Setelah itu diambil sampel jaringan di leher rahim menggunakan spatula, sikat halus khusus, atau keduanya. Kemudian akan diletakkan di wadah khusus dan akan diperiksa di laboratorium.
Sementara tindakan tes IVA menggunakan asam asetat 5 persen yang dioleskan ke bibir rahim selama 30-60 detik. Setelah itu, serviks dilihat secara kasat mata dengan bantuan lampu. Dengan penambahan asam asetat, dapat dilihat dimana yang normal tidak akan berubah warna. Namun, bila ada kelainan misalnya infeksi atau lesi pra-kanker, akan tampak putih bisa dicurigai kanker.

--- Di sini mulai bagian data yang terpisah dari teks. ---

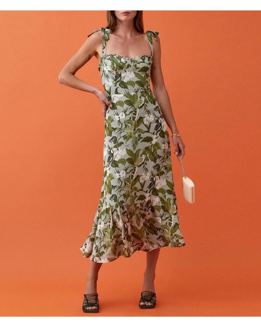 Ankle alert. The Nikita is fitted in the bodice and waist with a relaxed fitting skirt. This midi length dress has a ruffle edged neckline, adjustable strap ties, and a trumpet skirt. It gives you a pretty good balance of comfort and shape. The Nikita Dress pairs well with the Gigi Strappy Mid Heel
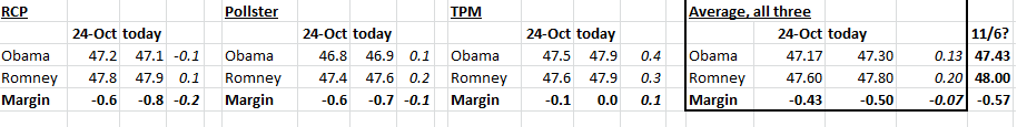 If you average the three (which are themselves averaging multiple polls, and adjusting their mix in various ways), it would seem that both candidates have, at best, a smidgen of momentum, and Romney’s is a bit larger. If you rolled the change over the last week forward another week, we’d be at Romney 48, Obama 47.4. Then it would all be about how the remaining undecideds split. Even if they split disproportionately toward Romney (and there’s good historical perspective and recent analysis that casts doubt on that), we’d probably still be looking at something that’s within one percent.

Untuk mendeteksi secara lebih jelas pap smear lebih efektif karena hasilnya melalui uji laboratorium, namun dr Syahrir menyebutkana IVA lebih cepat proses deteksinya.
Sebab pemerikasan IVA bisa langsung didiagnosa dan dilakukan proses penghilangan/ bintik-bintik yang di curigai kanker menggunakan alat crayo, yang ditempelkan pada leher rahim dan membentuk bola es yang akan mencair dan merontokkan sel yang dicurigai kanker. Namun hal itu hanya bisa dilakukan jika kanker masih pada masa stadium awal.
Olehnya, dr Syahrir menyarankan agar ada baiknya jika pemerintah menyediakan vaksin anak kelas 5 SD untuk mencegah terjadinya kanker serviks. Di samping deteksi dini pap smear dan IVA, yang terbatas hanya pada perempuan yang aktif secara seksual.
Jika tidak dicegah sejak dini, dia khawatir kasus kanker di Indonesia akan semakin tinggi. Begitu pun angka kematian menjadi tinggi. Sebab bila kanker serviks baru terdeteksi pada stadium akhir, akan berpengaruh pada rahim dan bisa menyebar ke organ lainnya.